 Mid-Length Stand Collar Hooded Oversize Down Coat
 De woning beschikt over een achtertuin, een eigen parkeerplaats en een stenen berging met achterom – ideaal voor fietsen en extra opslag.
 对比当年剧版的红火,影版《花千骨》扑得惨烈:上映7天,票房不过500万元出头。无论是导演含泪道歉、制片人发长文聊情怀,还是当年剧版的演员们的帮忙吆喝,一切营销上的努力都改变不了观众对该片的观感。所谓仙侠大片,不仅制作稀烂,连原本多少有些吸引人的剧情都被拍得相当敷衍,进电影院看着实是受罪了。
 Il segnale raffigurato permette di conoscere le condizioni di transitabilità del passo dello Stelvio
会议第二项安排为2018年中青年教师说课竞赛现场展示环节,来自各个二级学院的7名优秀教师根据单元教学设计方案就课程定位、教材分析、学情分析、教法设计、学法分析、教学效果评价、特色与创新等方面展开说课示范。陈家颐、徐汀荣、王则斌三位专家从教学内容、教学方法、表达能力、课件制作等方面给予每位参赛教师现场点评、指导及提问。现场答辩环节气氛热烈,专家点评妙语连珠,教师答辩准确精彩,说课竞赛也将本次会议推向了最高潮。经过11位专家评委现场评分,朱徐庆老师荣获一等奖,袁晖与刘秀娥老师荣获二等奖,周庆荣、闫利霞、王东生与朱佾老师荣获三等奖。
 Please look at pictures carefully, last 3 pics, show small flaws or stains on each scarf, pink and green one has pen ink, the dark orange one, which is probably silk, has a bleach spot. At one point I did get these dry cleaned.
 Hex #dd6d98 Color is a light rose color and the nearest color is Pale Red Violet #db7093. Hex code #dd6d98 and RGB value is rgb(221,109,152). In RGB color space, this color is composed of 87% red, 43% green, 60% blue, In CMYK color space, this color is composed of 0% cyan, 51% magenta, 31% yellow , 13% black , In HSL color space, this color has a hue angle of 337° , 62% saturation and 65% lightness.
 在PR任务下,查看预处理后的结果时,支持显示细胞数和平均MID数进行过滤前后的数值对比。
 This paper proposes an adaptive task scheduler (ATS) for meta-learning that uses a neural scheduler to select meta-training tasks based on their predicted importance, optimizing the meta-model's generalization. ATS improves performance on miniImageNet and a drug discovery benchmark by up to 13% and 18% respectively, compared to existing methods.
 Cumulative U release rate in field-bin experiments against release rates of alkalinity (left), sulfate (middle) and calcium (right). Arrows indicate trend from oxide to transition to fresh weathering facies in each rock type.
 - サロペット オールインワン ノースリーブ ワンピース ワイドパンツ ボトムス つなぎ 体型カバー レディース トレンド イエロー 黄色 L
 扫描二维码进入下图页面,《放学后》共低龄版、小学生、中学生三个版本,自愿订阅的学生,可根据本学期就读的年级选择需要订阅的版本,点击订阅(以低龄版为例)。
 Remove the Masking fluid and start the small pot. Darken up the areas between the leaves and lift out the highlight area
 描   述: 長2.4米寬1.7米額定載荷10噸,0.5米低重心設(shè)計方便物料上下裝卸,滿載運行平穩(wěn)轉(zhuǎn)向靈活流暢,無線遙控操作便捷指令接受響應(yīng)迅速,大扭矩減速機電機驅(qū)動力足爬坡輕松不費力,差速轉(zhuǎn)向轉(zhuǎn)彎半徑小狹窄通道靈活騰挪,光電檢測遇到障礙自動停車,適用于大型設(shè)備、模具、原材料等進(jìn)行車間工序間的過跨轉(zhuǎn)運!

########################################

**Required action**
Write out every entry verbatim.

**Result for this task**
 Mid-Length Stand Collar Hooded Oversize Down Coat
 De woning beschikt over een achtertuin, een eigen parkeerplaats en een stenen berging met achterom – ideaal voor fietsen en extra opslag.
 对比当年剧版的红火,影版《花千骨》扑得惨烈:上映7天,票房不过500万元出头。无论是导演含泪道歉、制片人发长文聊情怀,还是当年剧版的演员们的帮忙吆喝,一切营销上的努力都改变不了观众对该片的观感。所谓仙侠大片,不仅制作稀烂,连原本多少有些吸引人的剧情都被拍得相当敷衍,进电影院看着实是受罪了。
 Il segnale raffigurato permette di conoscere le condizioni di transitabilità del passo dello Stelvio
会议第二项安排为2018年中青年教师说课竞赛现场展示环节,来自各个二级学院的7名优秀教师根据单元教学设计方案就课程定位、教材分析、学情分析、教法设计、学法分析、教学效果评价、特色与创新等方面展开说课示范。陈家颐、徐汀荣、王则斌三位专家从教学内容、教学方法、表达能力、课件制作等方面给予每位参赛教师现场点评、指导及提问。现场答辩环节气氛热烈,专家点评妙语连珠,教师答辩准确精彩,说课竞赛也将本次会议推向了最高潮。经过11位专家评委现场评分,朱徐庆老师荣获一等奖,袁晖与刘秀娥老师荣获二等奖,周庆荣、闫利霞、王东生与朱佾老师荣获三等奖。
 Please look at pictures carefully, last 3 pics, show small flaws or stains on each scarf, pink and green one has pen ink, the dark orange one, which is probably silk, has a bleach spot. At one point I did get these dry cleaned.
 Hex #dd6d98 Color is a light rose color and the nearest color is Pale Red Violet #db7093. Hex code #dd6d98 and RGB value is rgb(221,109,152). In RGB color space, this color is composed of 87% red, 43% green, 60% blue, In CMYK color space, this color is composed of 0% cyan, 51% magenta, 31% yellow , 13% black , In HSL color space, this color has a hue angle of 337° , 62% saturation and 65% lightness.
 在PR任务下,查看预处理后的结果时,支持显示细胞数和平均MID数进行过滤前后的数值对比。
 This paper proposes an adaptive task scheduler (ATS) for meta-learning that uses a neural scheduler to select meta-training tasks based on their predicted importance, optimizing the meta-model's generalization. ATS improves performance on miniImageNet and a drug discovery benchmark by up to 13% and 18% respectively, compared to existing methods.
 Cumulative U release rate in field-bin experiments against release rates of alkalinity (left), sulfate (middle) and calcium (right). Arrows indicate trend from oxide to transition to fresh weathering facies in each rock type.
 - サロペット オールインワン ノースリーブ ワンピース ワイドパンツ ボトムス つなぎ 体型カバー レディース トレンド イエロー 黄色 L
 扫描二维码进入下图页面,《放学后》共低龄版、小学生、中学生三个版本,自愿订阅的学生,可根据本学期就读的年级选择需要订阅的版本,点击订阅(以低龄版为例)。
 Remove the Masking fluid and start the small pot. Darken up the areas between the leaves and lift out the highlight area
 描   述: 長2.4米寬1.7米額定載荷10噸,0.5米低重心設(shè)計方便物料上下裝卸,滿載運行平穩(wěn)轉(zhuǎn)向靈活流暢,無線遙控操作便捷指令接受響應(yīng)迅速,大扭矩減速機電機驅(qū)動力足爬坡輕松不費力,差速轉(zhuǎn)向轉(zhuǎn)彎半徑小狹窄通道靈活騰挪,光電檢測遇到障礙自動停車,適用于大型設(shè)備、模具、原材料等進(jìn)行車間工序間的過跨轉(zhuǎn)運!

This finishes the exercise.